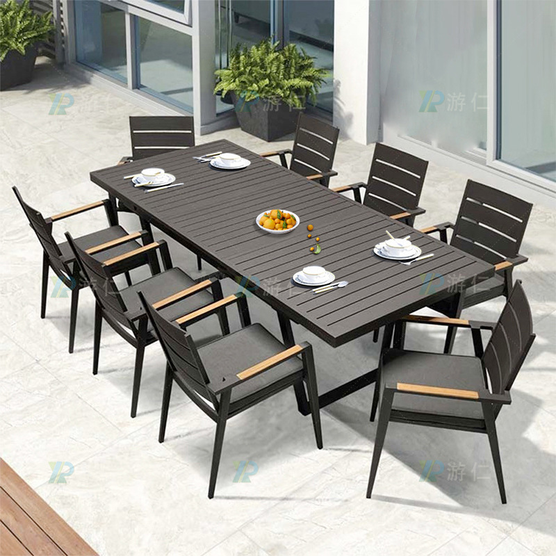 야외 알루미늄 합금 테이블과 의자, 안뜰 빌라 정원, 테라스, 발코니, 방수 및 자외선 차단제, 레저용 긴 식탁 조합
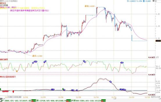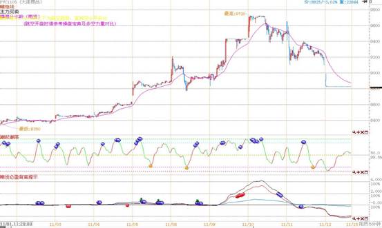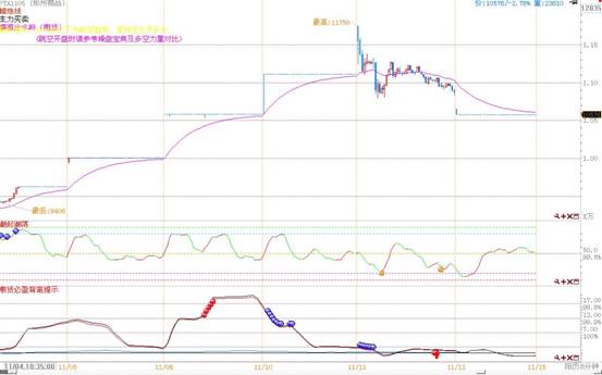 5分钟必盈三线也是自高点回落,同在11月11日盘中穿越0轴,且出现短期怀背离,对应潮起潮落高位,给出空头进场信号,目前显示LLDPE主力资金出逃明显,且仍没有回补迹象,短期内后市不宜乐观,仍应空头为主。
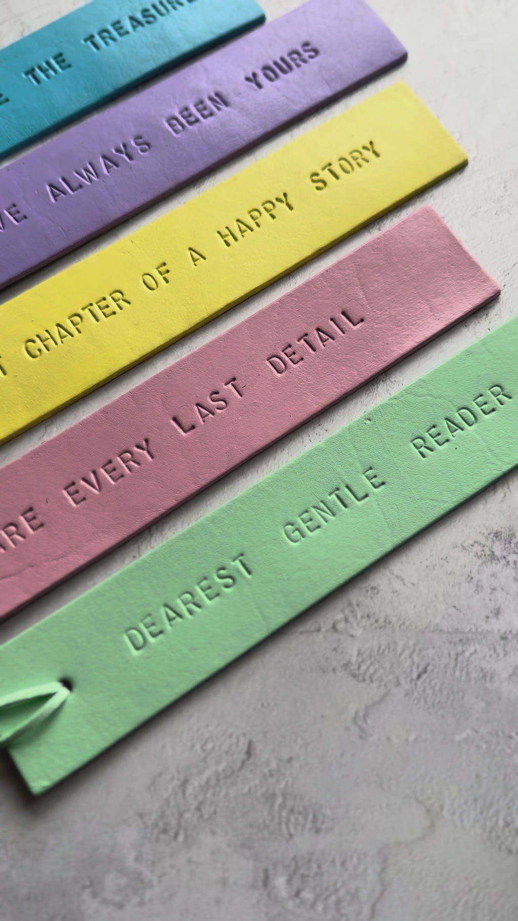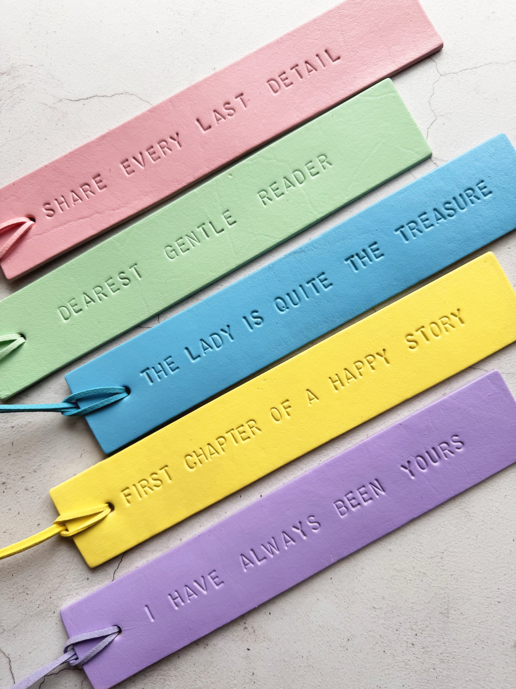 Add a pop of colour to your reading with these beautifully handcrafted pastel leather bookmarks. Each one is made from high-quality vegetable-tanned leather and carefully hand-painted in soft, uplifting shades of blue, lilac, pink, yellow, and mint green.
##############################
→ Required work: Where a picture appears, omit it, and otherwise retype the material exactly.

→ Written solution:
 야외 알루미늄 합금 테이블과 의자, 안뜰 빌라 정원, 테라스, 발코니, 방수 및 자외선 차단제, 레저용 긴 식탁 조합
 5分钟必盈三线也是自高点回落,同在11月11日盘中穿越0轴,且出现短期怀背离,对应潮起潮落高位,给出空头进场信号,目前显示LLDPE主力资金出逃明显,且仍没有回补迹象,短期内后市不宜乐观,仍应空头为主。
 Add a pop of colour to your reading with these beautifully handcrafted pastel leather bookmarks. Each one is made from high-quality vegetable-tanned leather and carefully hand-painted in soft, uplifting shades of blue, lilac, pink, yellow, and mint green.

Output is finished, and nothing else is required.